The Cornered Cat
Dum vivimus, vivamus!

While we live, let us live.

So many people talk about paying attention to the world around you as if it’s some weird, paranoid, scary, “tactical” thing. It is not! It is making the decision to live consciously. To be fully present in every moment. To listen, and really hear. To look, and really see. To be completely there in the world, every moment of every day.

Situational awareness and the physical skills of protecting yourself are foundational to an attitude that speaks louder than words. It’s not bluff, it’s not posturing, it’s not show. It’s not the frightened little dog yapping with fear and yelping for someone else to come deal with the scary bad thing. It goes beyond all that, right down to something fundamental about yourself.

Awareness and mindset skills do help us protect ourselves from violent crime, no doubt about that. But they are also very basic, very worthwhile skills for living well — living with confidence, living with awareness, living with full knowledge of who you are and what you can do and how you fit into the world.

The decision that your life is worth defending marks an important milestone on the path to living at peace inside your own skin. Most people never consciously decide what’s worth living for, what’s worth fighting for, what’s worth dying for, but you have. It settles your mind in a way that those who have never examined that choice never will know.

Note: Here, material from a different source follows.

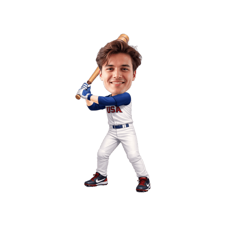 Step up to the plate and celebrate your MVP with these custom USA baseball player cupcake toppers. Designed for sports enthusiasts of all ages—from teens to adults—this printable decoration features a classic white uniform with bold "USA" lettering, blue sleeves, cleats, and a ready-to-swing wooden bat. Simply provide a high-resolution photo, and your guest of honor's face will be professionally integrated onto the cartoon body for a fun, personalized touch. Perfect for birthday parties, team celebrations, or patriotic events, this digital download puts you in control of the quantity and printing process. The design is optimized for clear, vibrant printing on standard home equipment, ensuring your dessert table looks like a major league success.

The commitment to really see things that are really there — not to turn our eyes away in disgust or fear of the things we don’t understand, not to miss filling our eyes with the fragile moments of beauty, not to skim busily past the humor or the pathos of life around us — that commitment marks a big milestone on the path to full consciousness. Most people go through life half-asleep, and you just made the decision to wake up.

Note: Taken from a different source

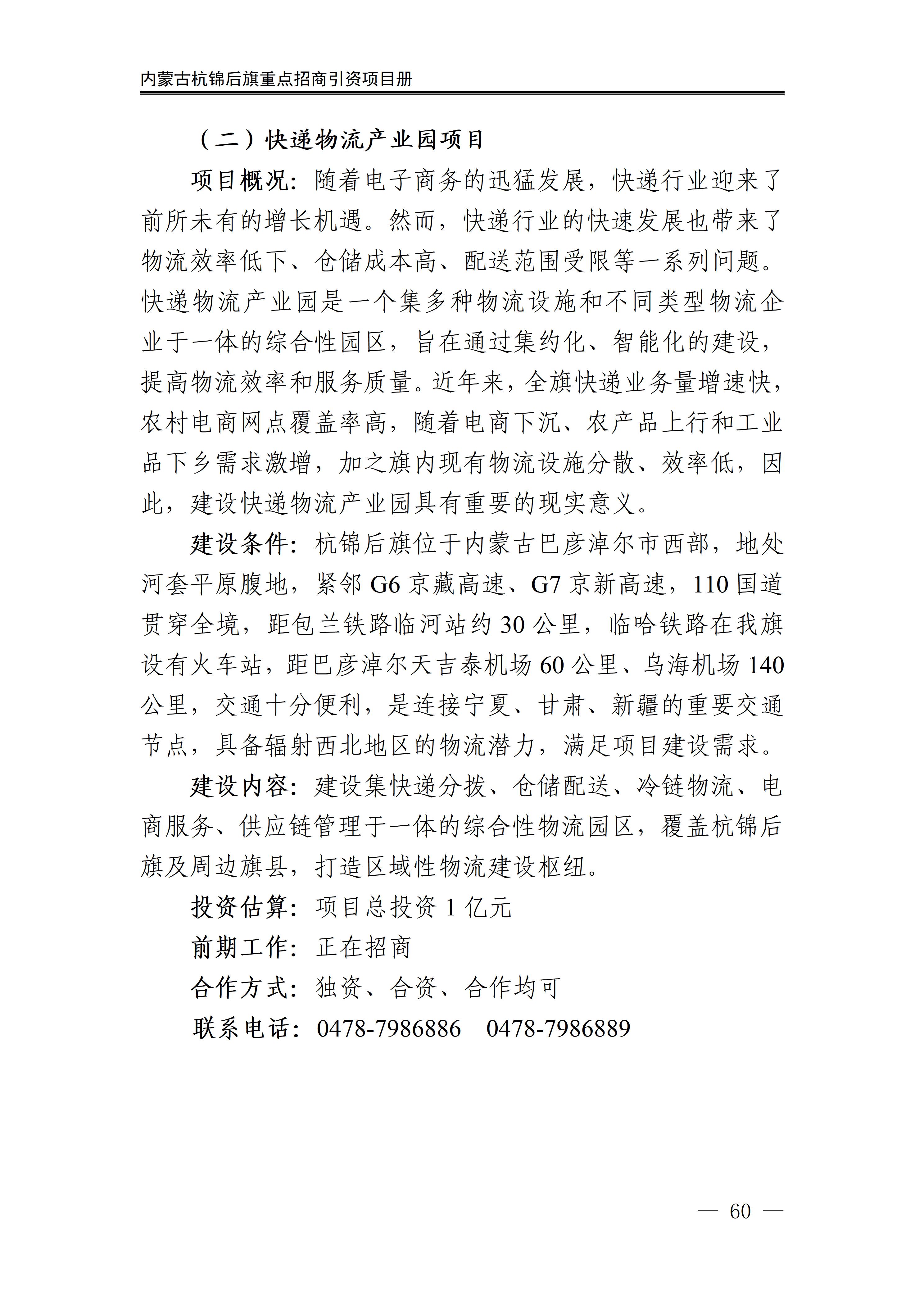 杭锦后旗2026年招商引资项目册

Deciding that you will act means you believe you have agency, that the things you do really matter and make a difference, that you fully own your own power and your own choices. That’s the major milestone on the path to adulthood.

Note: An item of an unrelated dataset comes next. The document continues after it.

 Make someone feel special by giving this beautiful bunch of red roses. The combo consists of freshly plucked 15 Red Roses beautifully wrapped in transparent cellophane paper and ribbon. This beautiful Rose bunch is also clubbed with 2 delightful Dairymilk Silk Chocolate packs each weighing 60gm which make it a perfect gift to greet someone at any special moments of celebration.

Taking time to master (not just learn, but master) the skills you may need to protect yourself and the people you love — that’s turning away from posturing or posing, and turning toward full responsibility for yourself and your choices. Acquiring the physical skills teaches you something about the limits of those skills and your willingness to use them. It helps you make better and more responsible choices throughout the rest of your life.

All of these things really do make us better prepared to defend our own physical selves. But better than that, they help us fully live.